Grèce : l’irremplaçable solidarité populaire
Reza et Katerina, bénévoles de Solidarité populaire de Grèce, distribuent des colis alimentaires aux familles réfugiées du camp de Malakasa. ©Alex Gasteratos / SPF

Le lendemain après-midi. Les bénévoles de SPG se dirigent vers le camp de Malakasa, à trente minutes de route au nord d’Athènes. La camionnette de Xénophon, alourdie par une nouvelle centaine de sacs, précède la voiture d’Haïk où siège Katerina. Sur le parking de terre les attend Reza, jeune Afghan de 21 ans, bénévole très actif de SPG et résidant du camp. C’est lui qui fait le lien avec ces familles réfugiées d’Afghanistan, du Pakistan, d’Iran ou encore d’Irak, pour les distributions mais aussi les sorties au théâtre et à la mer. Il est accompagné de sa mère et son frère, ainsi que de son ami Samim. Tandis que tous quatre, ainsi qu’Haïk, Xénophon et Katerina revêtent leurs chasubles, les familles commencent à sortir du camp par petits groupes. Comme hier, un grand calme règne, la sérénité est d’aloi.

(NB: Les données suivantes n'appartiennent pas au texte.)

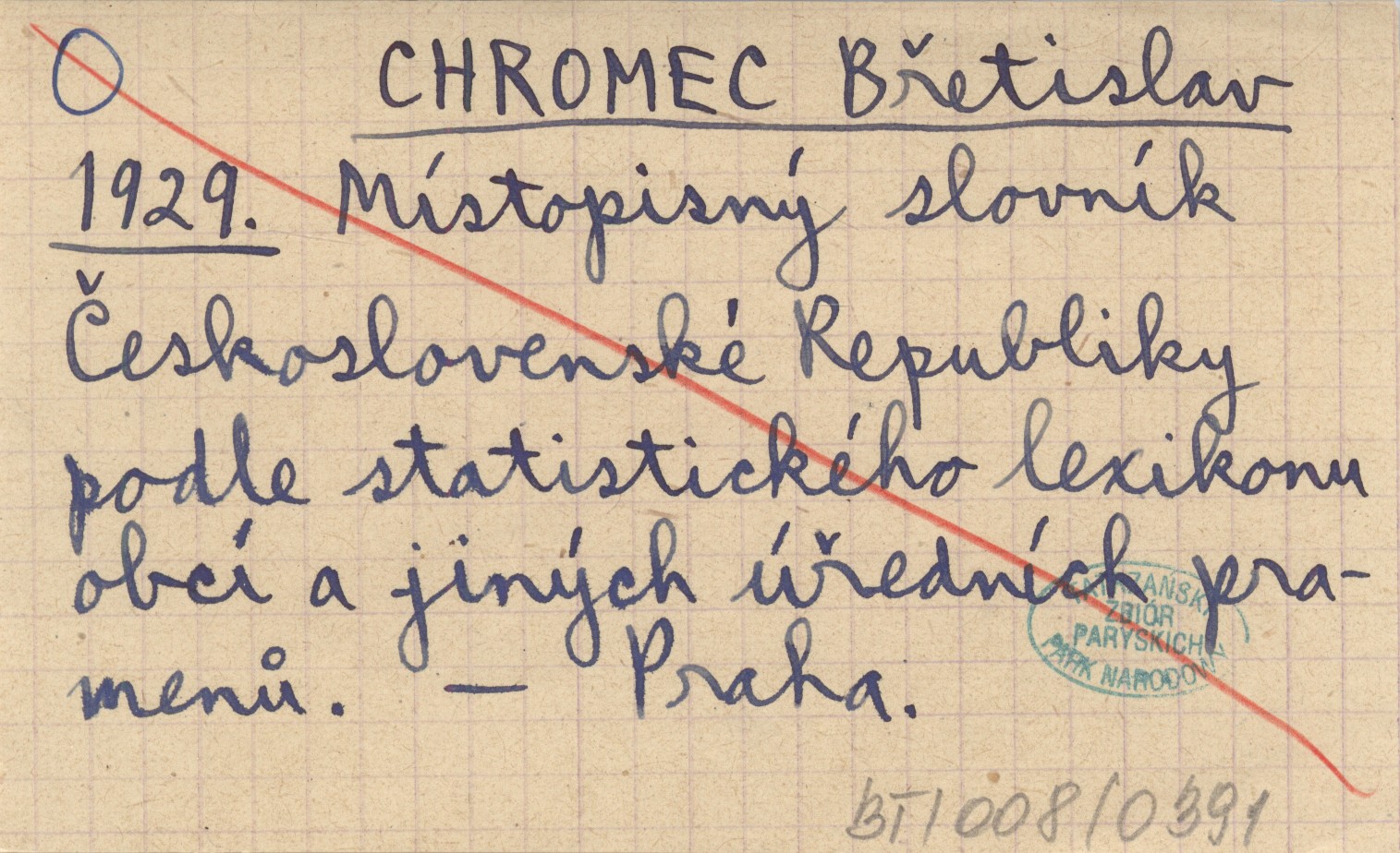 CHROMEC Břetislav 1929 Místopisný slovník Československé Republiky podle statistického lexikonu obcí a jiných úľedních pramenů.

Dans ce monde à part, à l’écart du cours ordinaire de la vie, les habitudes se recréent néanmoins : des enfants tapent dans un ballon, des femmes discutent à l’ombre d’un arbre en berçant leur bébé, de jeunes hommes rient entre eux. Les mêmes invitations passent de main en main, les mêmes sacs délestent la camionnette pour retrouver l’abri des cabas – c’est le travail discret, opiniâtre et irremplaçable de la solidarité.

« La tristesse m’envahit souvent, en raison des conditions de vie dans le camp qui sont très dures et de la pauvreté qui est la nôtre, confie Reza. Venir en aide aux autres, cela me redonne de la force. Voir le sourire sur le visage des enfants, je ne connais rien de meilleur pour me guérir de la dépression. » Reza, en effet, rit à présent. Dans le voyage incertain qui est le sien et celui de sa famille, il semble avoir trouvé le refuge d’une patrie – la solidarité. Au loin, Katerina s’est isolée. Entre deux voitures, elle pleure et sa silhouette, d’habitude si dynamique, s’affaisse. « J’aimerais tant pouvoir faire plus pour tous ces gens. Je me sens impuissante », avoue-t-elle. Mais elle se reprend vite – il y a tant de travail à faire ! Elle revient vers ses amis de Solidarité populaire de Grèce et la mère de Reza lui serre le bras. C’est un geste furtif mais il semble gonfler Katerina d’énergie. Elle reprend sa place près de la camionnette et se saisit d’un sac. Elle a chassé la peine à présent et est toute à sa tâche. La solidarité se poursuit.


Grèce : l’irremplaçable solidarité populaire
Une partie des bénévoles de SPG (de gauche à droite et de haut en bas) : Haïk Apamian, Rena Delagramatica, Xénophon Koutsaftis, Katerina Stamopoulou, Reza Hosseini et Anastasia Kyriakopoulou.